Whatever you do, don’t go into denial about the diagnosis. Keep an open mind until you have gathered enough information. This is particularly so if you have family or friends around you who tell you that there is nothing wrong with you, that you are just lazy, or weak willed, or looking for attention. Such people aren’t looking after your best interests, they are looking after theirs and they are in denial.
When I was told I was manic depressive, instead of denying that anything was wrong I took a positive step to monitor myself to see how I was doing. I constantly checked on how I was feeling and what I was doing and kept asking myself – Is this good? Is this healthy? Is this what I should be doing? Am I overdoing it? By monitoring myself for signals for mania and depression I was able to gather information about myself. I kept a mood chart. It was this combination of checking my past and monitoring myself in the present that allowed me to rather reluctantly come to the acceptance that I was manic depressive.

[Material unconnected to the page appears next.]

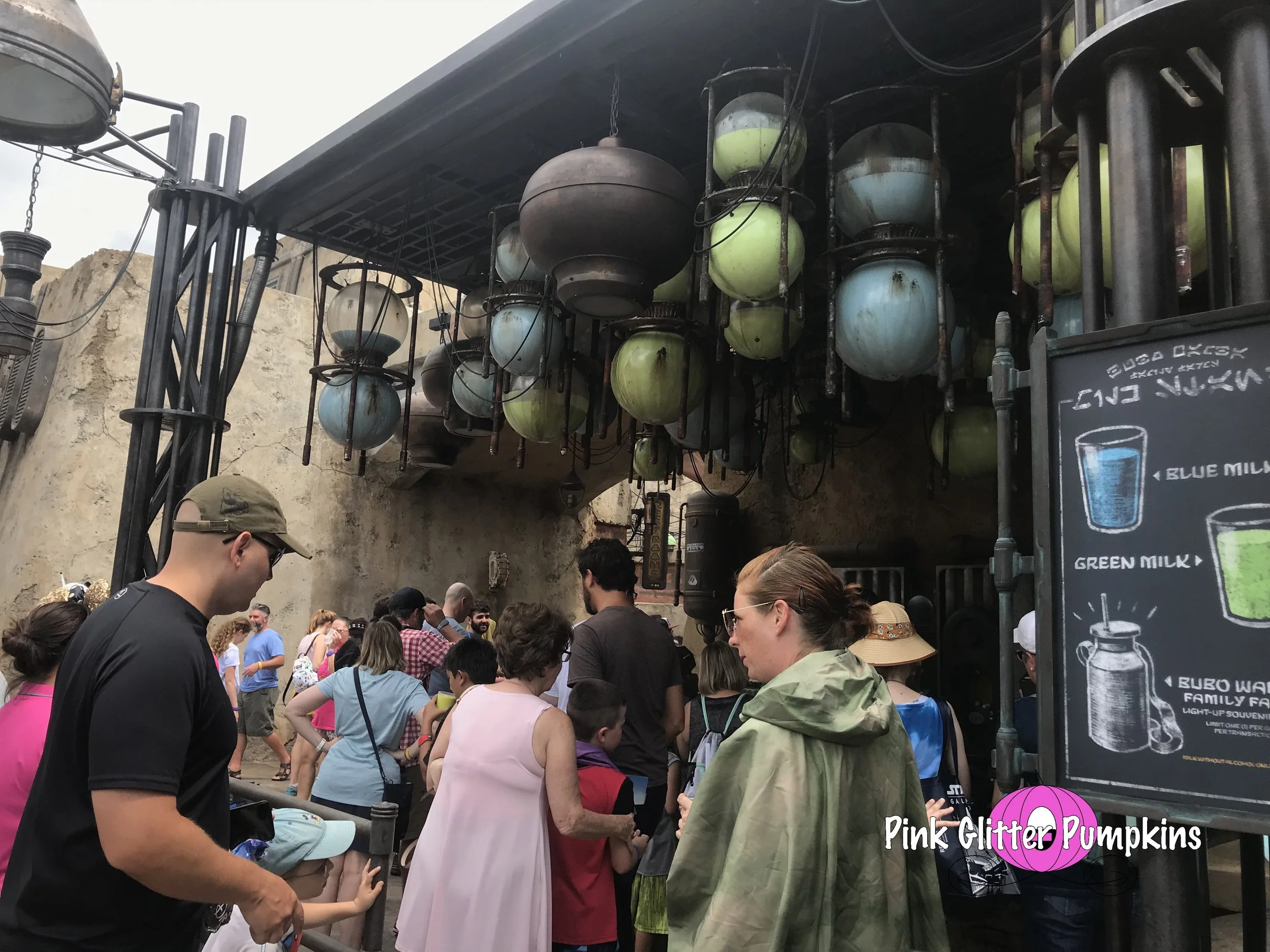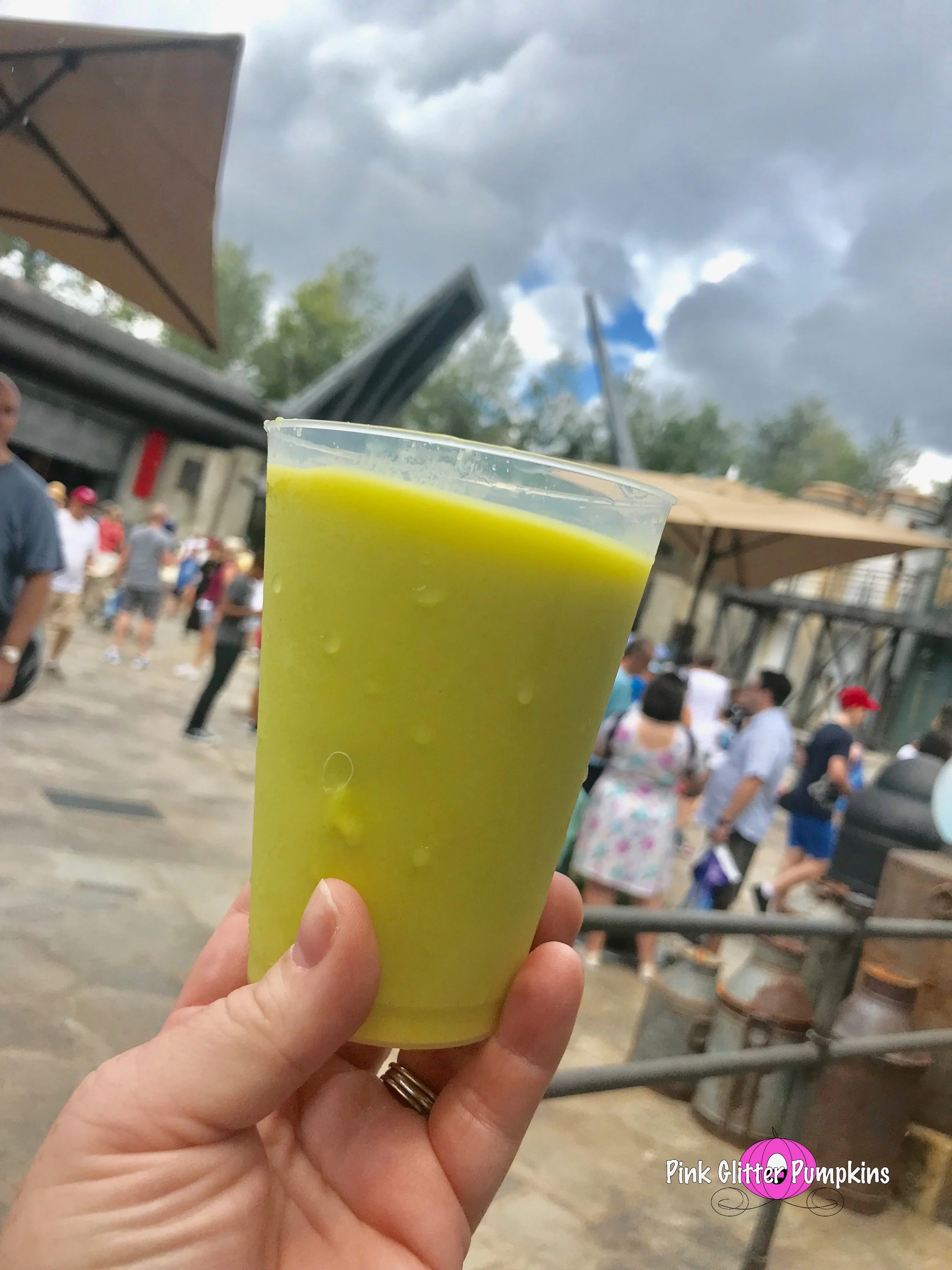 We didn’t get too adventurous when it came to the food here this trip. We were in between breakfast and lunch, and I had not read enough reviews on the actual food for me to devote time with my kid eating there. However, we did partake in two things. One we bought one of the unique cokes while there. During this trip they announced that TSA wouldn’t allow them, and since we drove, we went ahead and got one. Of course they have sense reversed their decision. The coke tasted the same, but it definitely is a display piece later. And the other thing we tried was the blue and green milk. There was literally not a single person in line, so I jumped at the chance to try them. We did the non-alcoholic versions, it it costs us about $15 to try both. I hated to try one and not the other, so I splurged. Well the verdict, green is bad! Oh my we each took one sip and threw it away. I felt awful throwing away money like that but I could not have anymore. It tasted like a flower. It was not ideal at all. Now the blue was amazing. We actually contemplated going back and getting a second before leaving the park but the rain changed our minds. It was fruity and really good overall. It is really hard to explain other than that, ha! But I definitely recommend trying both once and deciding for yourself!

It took a few months to do all the checking before I was satisfied, it was not a simple decision I made after a week. Ignore the persons who want a quick decisive answer from you – it just does not happen that way.
About Your Current Diagnosis
I know this sounds a bit out of character, but I would strongly recommend that you follow the psychiatrists advice, and if you have been prescribed medication, to take it as directed.
The reason is fairly simple. You’ve been to the psychiatrist’s office because there are problems in you life now. Whether you think the diagnosis is right or wrong, the advice given is still good advice. It is worth following.
If you have been given medications, take them. If you are manic depressive, you will probably feel better than you currently do after a week or so. If you don’t, you can always go back to the psychiatrist and complain. In any case, I think that taking the medications even for a short while has its own value (check the Worries about Taking Medication page).
Whatever you do, until you are more of less sure of what is happening, keep in touch with your psychiatrist. I think in the first month or two after diagnosis you should be seeing your psychiatrist about once a week to ask all the questions you have and get advice and reassurance you need.
As I found out, at the end of everything, the decision on whether you are bipolar rests with you alone. The psychiatrist’s diagnosis is only the start of the process. You have to now finish the diagnosis and determine if it makes sense to you.
My biggest problem with being manic depressive initially wasn’t with being manic depressive. It was trying to deal with the shame and guilt and anxiety of not functioning properly on a day to day basis. And of having gotten myself in the mess my life was at the time.
But even while I was deciding if I was manic depressive, I learned to say to myself – “Jinnah, even if I’ve screwed up, I don’t need this extra burden of shame and guilt and anxiety.” That’s when my then life started to get better. Getting rid of the the shame and the guilt and the anxiety took away more than half of the problems I had when trying to get my life on track again.